EXERCISE INSTRUCTIONS: The records that follow are to be transcribed in full, without their images.

(RECORDS FOR PROCESSING)

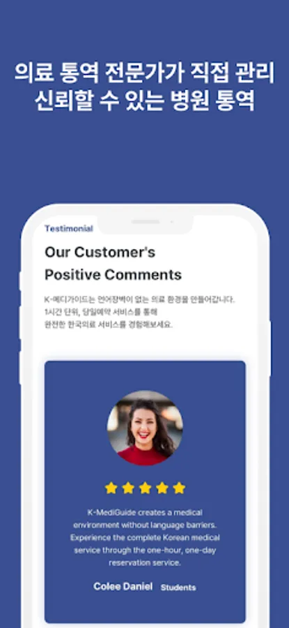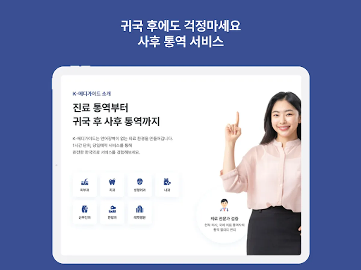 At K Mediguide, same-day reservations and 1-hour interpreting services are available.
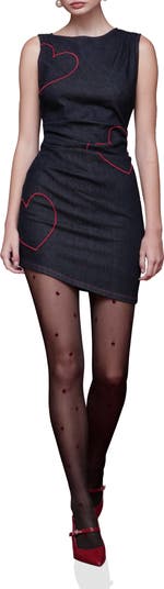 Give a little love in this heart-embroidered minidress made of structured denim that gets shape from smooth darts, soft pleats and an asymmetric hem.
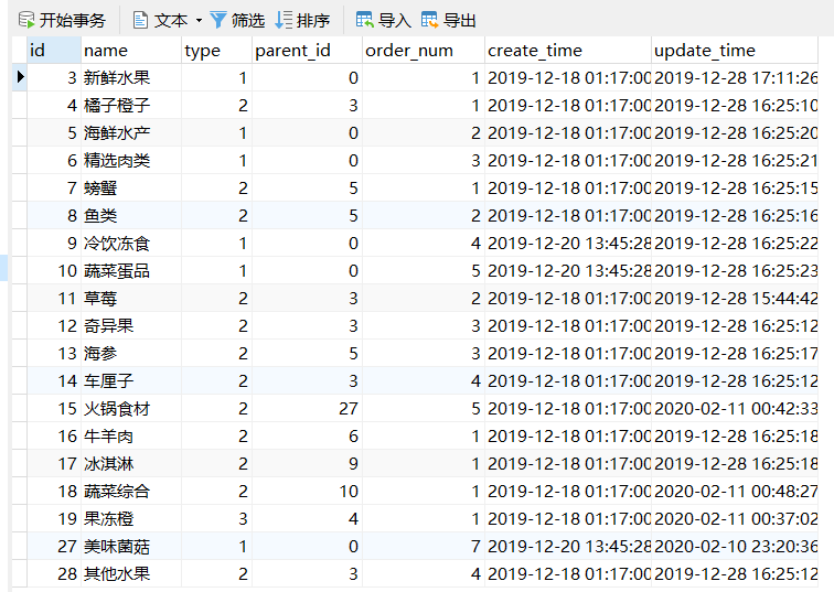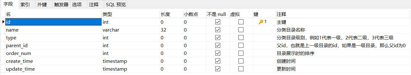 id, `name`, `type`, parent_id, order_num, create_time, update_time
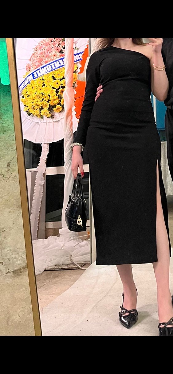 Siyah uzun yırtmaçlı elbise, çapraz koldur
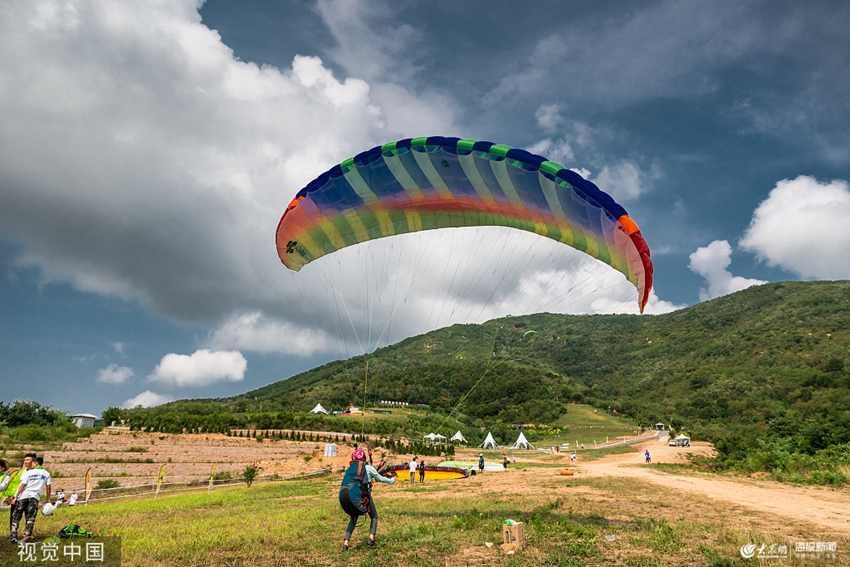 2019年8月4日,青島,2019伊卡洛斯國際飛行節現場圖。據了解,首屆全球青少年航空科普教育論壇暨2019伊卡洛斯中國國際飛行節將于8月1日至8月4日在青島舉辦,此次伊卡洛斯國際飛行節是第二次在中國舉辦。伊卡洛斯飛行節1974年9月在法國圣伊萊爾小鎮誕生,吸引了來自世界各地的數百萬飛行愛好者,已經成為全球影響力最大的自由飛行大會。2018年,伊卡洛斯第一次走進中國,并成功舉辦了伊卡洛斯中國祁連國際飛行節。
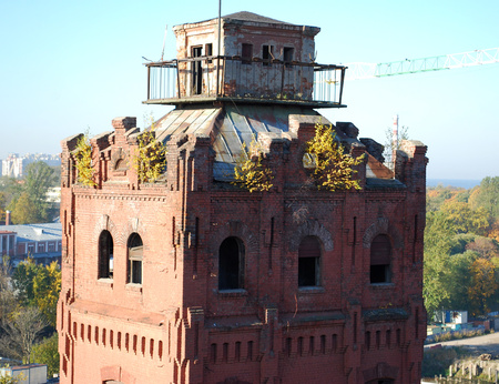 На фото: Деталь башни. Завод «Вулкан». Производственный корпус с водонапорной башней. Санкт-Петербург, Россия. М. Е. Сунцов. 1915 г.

(End RECORDS FOR PROCESSING)

EXERCISE OUTPUT:
 At K Mediguide, same-day reservations and 1-hour interpreting services are available.
 Give a little love in this heart-embroidered minidress made of structured denim that gets shape from smooth darts, soft pleats and an asymmetric hem.
 id, `name`, `type`, parent_id, order_num, create_time, update_time
 Siyah uzun yırtmaçlı elbise, çapraz koldur
 2019年8月4日,青島,2019伊卡洛斯國際飛行節現場圖。據了解,首屆全球青少年航空科普教育論壇暨2019伊卡洛斯中國國際飛行節將于8月1日至8月4日在青島舉辦,此次伊卡洛斯國際飛行節是第二次在中國舉辦。伊卡洛斯飛行節1974年9月在法國圣伊萊爾小鎮誕生,吸引了來自世界各地的數百萬飛行愛好者,已經成為全球影響力最大的自由飛行大會。2018年,伊卡洛斯第一次走進中國,并成功舉辦了伊卡洛斯中國祁連國際飛行節。
 На фото: Деталь башни. Завод «Вулкан». Производственный корпус с водонапорной башней. Санкт-Петербург, Россия. М. Е. Сунцов. 1915 г.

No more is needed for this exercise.